The dam is part of the Rio Grande Project. It marks the end of the Mesilla Valley section, which starts at the Leasburg Diversion Dam 63 mi upstream, and marks the beginning of the El Paso Valley section, which extends downstream for another 46 mi on the American side of the Rio Grande. 52000 acre are irrigated in the El Paso Valley. The International Dam, about 2 mi below the American dam, diverts water for the Mexican side of the El Paso Valley, usually called the Valle de Juarez. Beyond the ruins at Fort Quitman the Rio Grande riverbed is often dry until the confluence of the Rio Conchos.

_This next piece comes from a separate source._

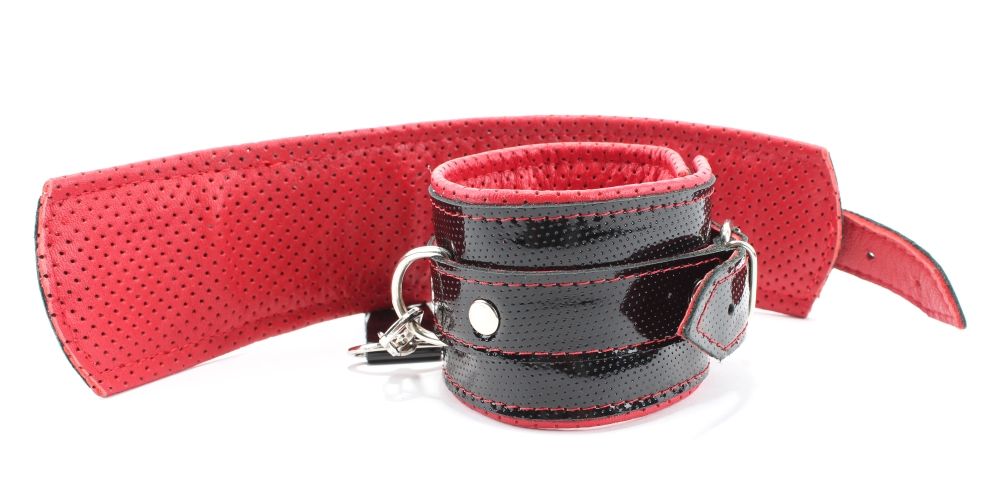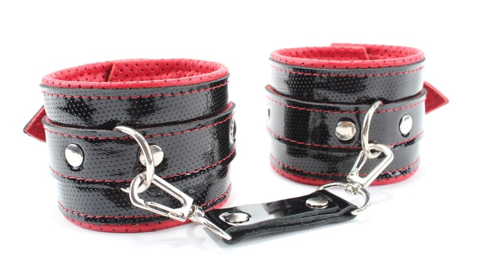 Лаковые чёрно-красные перфорированные наручники

The location at the corner of Texas, New Mexico, and Mexico puts the dam in an area sensitive to border issues. In 2019, the private group We Build the Wall built a half-mile section of border wall extending west from the dam into New Mexico, with a locked gate on federal land by the dam, which blocks access to Monument One on the border, and to part of the levee. The International Boundary and Water Commission cut the lock and locked the gate open to preserve their access to the road along the riverbank by the dam.

==Structure==

The American Dam was built in 1937–1938 at a cost to the United States Government of $667,398. It is 284 ft long, with thirteen radial gates.
Water is diverted into the American Canal over a weir, parallel to the general course of the river, with intake controlled by two radial gates.
The dam has a normal operating depth of 5 ft, has a structural height of 18 ft, and is flanked by earthen dikes.
The crest elevation is 3684 ft above sea level,
The main spillway into the Rio Grande has a capacity of 12000 cuft/s.

==Downstream canals==

The American Canal is about 2 mi long, and has a design capacity of 1200 cuft/s of water.
The American Canal runs along the north bank of the Rio Grande for two miles, then delivers water into the Rio Grande American Canal Extension (RGACE).
This carries water for the Rio Grande Reclamation Project about 12 mi to the Riverside Canal Heading, which is just downstream from the Ysleta–Zaragoza International Bridge.
By the late 1990s the original American Canal was in poor condition, particularly in the open sections, and operating well below its original planned capacity.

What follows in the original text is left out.